Free Coupon AI-900 Azure AI Fundamentals Practice Exam Questions 2026 [100% OFF]

Hands-On Machine Learning, Deep Learning, Quantum Algorithms & Hybrid AI-QC Applications(AI)

Free Coupon AI-900 Azure AI Fundamentals Practice Exam Questions 2026 [100% OFF]

Take advantage of a 100% OFF coupon code for the 'AI-900 Azure AI Fundamentals Practice Exam Questions 2026' course, created by Codaming • 300k Learners Worldwide , Vedika Singh , Dinesh Kumar, available on Udemy.

This course, updated on February 22, 2026 and will be expired on 2026/02/25

This course provides 49 minute(s) of expert-led training in English , designed to boost your IT Certifications skills.

Highly rated at 4.2-star stars from 16 reviews, it has already helped 4,021 students.

This exclusive coupon is shared by Anonymous, at the price 19.99 $ 0 $

Don’t miss this opportunity to level up your skills!

Prepare for the AI-900 or AI 900 exam with confidence! This set includes 324 unique practice questions created from scratch and fully compliant with the official 2026 exam syllabus.


The AI-900 exam syllabus is structured around five main domains, covering core AI/ML concepts and how they are implemented using Microsoft Azure AI services.


Domain Approximate Weighting

1. Describe Artificial Intelligence workloads and considerations 15-20%

2. Describe fundamental principles of machine learning on Azure 15-20%

3. Describe features of computer vision workloads on Azure 15-20%

4. Describe features of Natural Language Processing (NLP) workloads on Azure 15-20%

5. Describe features of generative AI workloads on Azure 20-25%


1. Describe Artificial Intelligence workloads and considerations (15-20%)

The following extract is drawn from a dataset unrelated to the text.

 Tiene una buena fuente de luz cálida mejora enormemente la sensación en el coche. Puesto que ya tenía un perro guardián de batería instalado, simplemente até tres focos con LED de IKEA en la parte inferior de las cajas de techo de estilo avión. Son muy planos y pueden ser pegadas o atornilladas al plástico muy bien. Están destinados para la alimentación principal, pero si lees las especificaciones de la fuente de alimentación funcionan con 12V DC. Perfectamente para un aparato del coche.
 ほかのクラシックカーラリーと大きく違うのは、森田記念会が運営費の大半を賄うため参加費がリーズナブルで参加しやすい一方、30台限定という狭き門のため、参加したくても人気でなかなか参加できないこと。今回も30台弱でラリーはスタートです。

  • Identify features of common AI workloads: computer vision, NLP, document processing, generative AI.

  • Identify guiding principles for responsible AI: fairness, reliability & safety, privacy & security, inclusiveness, transparency, accountability.


2. Describe fundamental principles of machine learning on Azure (15-20%)

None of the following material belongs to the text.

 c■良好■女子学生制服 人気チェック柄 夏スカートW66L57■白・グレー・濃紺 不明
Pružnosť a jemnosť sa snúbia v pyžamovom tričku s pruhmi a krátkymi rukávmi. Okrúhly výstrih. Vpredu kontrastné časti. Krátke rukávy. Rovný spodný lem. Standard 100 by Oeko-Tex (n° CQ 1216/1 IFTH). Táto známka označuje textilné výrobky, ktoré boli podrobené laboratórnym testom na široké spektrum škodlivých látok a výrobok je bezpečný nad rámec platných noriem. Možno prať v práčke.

  • Identify common machine learning techniques: regression, classification, clustering, deep learning, Transformer architecture.

  • Describe core machine learning concepts: features and labels, training vs validation datasets.

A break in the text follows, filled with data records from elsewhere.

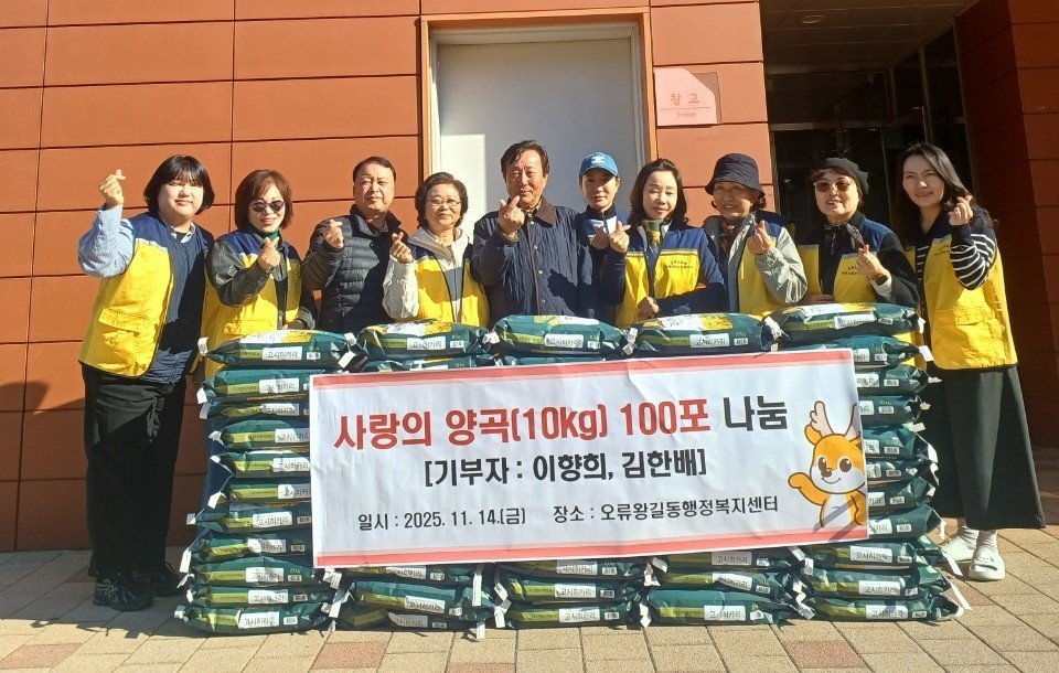 고흥규 오류왕길동장은 “따뜻한 나눔을 실천해주신 두 분께 깊이 감사드린다”며 “기부받은 물품은 생활이 어려운 관내 이웃들에게 소중히 전달하겠다”고 밝혔다.
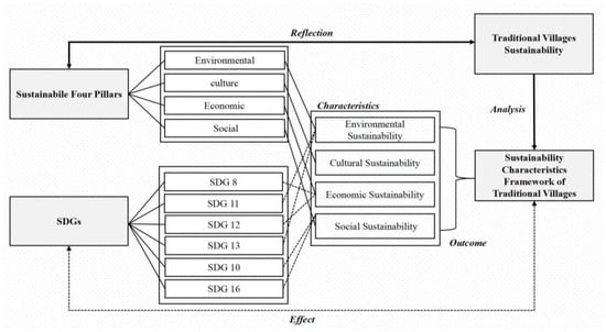 This study aims to clarify the ambiguous definition of “sustainability” in research related to traditional villages. In particular, through the exploration and positioning of the four pillars of sustainable development and 17 UN SDG goals, this study aims to clearly identify the concept of sustainability, providing a clearer and more scientific framework for the sustainability of traditional villages. It will identify the characteristics of traditional village sustainability and how they are linked to SDGs. This approach will help traditional villages develop a correct vision for their future development, avoiding conceptual abuse.
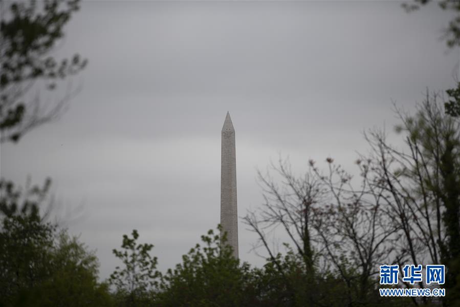 这是4月24日在美国弗吉尼亚州阿灵顿拍摄的华盛顿纪念碑。 新华社记者 刘杰 摄
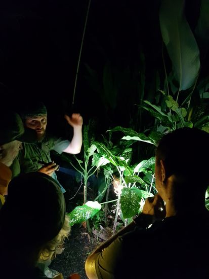Gebucht wurden letztlich die Nighttour, damit wir Spinnen und Frösche in ihrer natürlichen Umgebung beobachten können, sowie eine Withe Water Rafting Tour für Montagvormittag, womit wir uns gleich ein late check out rausschlagen konnten.
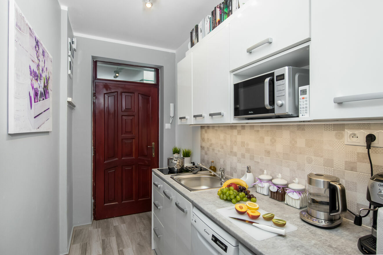 - przedpokoju z pełni wyposażonym aneksem kuchennym
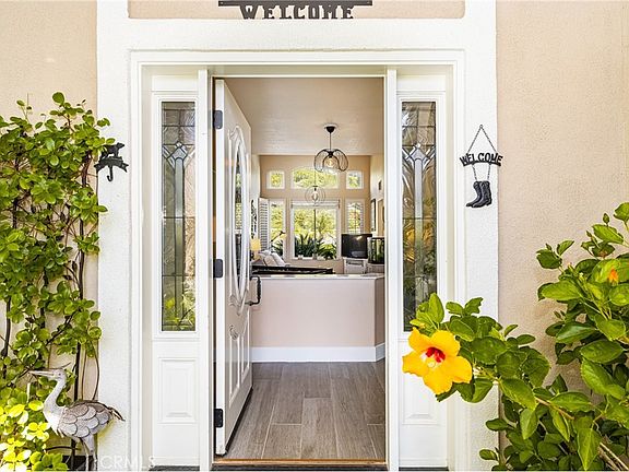 Live the Southern California lifestyle you dream of with a one-of-a-kind location and a breathtaking backyard oasis. The backyard features a spectacular pool, spa with lazy river concept, firepit, 7-hole putting green, BBQ, bar, and patio area, ideal for outdoor living and entertaining. You are sure to enjoy this private lot at the end of a quiet CDS street backing to a tree-filled greenbelt slope where you hear the sounds of songbirds in the morning and the hooting of owls at night. This highly upgraded home is the crown jewel of Lyon Hills. This stunning model home offers 4 bedrooms, 3 baths, and a spacious loft/media room that could easily be converted into a 5th bedroom with 2,488 sq ft of comfortable living space for everyone. You are sure to be captivated by these custom appointments which include: plantation shutters, crown molding, high baseboards, vinyl windows, new tile flooring, remodeled bathrooms, built-in closet organizers, seller-owned solar, mirrored wardrobes, vinyl fencing, ceiling fans, and epoxy coated garage floor with loads of storage. An expansive kitchen boasts an oversized island, Corian countertops, stainless steel appliances, a vented hood, a pantry, and a breakfast nook. The coveted main floor bedroom and full bath are ideal for out-of-town guests. The primary suite features high ceilings, walk-in closet, and a newly remodeled bathroom. This home also has spacious secondary bedrooms and a convenient upstairs laundry room with sink. Hurry, homes like this rarely come on the market!!

  • Describe Azure Machine Learning capabilities: automated ML, data & compute services, model management & deployment.


3. Describe features of computer vision workloads on Azure (15-20%)

  • Identify types of computer vision solutions: image classification, object detection, OCR, facial detection/analysis.

  • Identify Azure tools & services: e.g., Azure AI Vision, Azure AI Face detection service.


4. Describe features of Natural Language Processing (NLP) workloads on Azure (15-20%)

  • Identify features & uses of NLP scenarios: key phrase extraction, entity recognition, sentiment analysis, language modelling, speech recognition & synthesis, translation.

  • Identify Azure tools & services for NLP workloads: e.g., Azure AI Language, Azure AI Speech.


5. Describe features of generative AI workloads on Azure (20-25%)

  • Identify features of generative AI models and common use-cases.

  • Identify generative AI services/capabilities in Azure: e.g., Azure OpenAI Service, Azure AI Foundry (model catalog).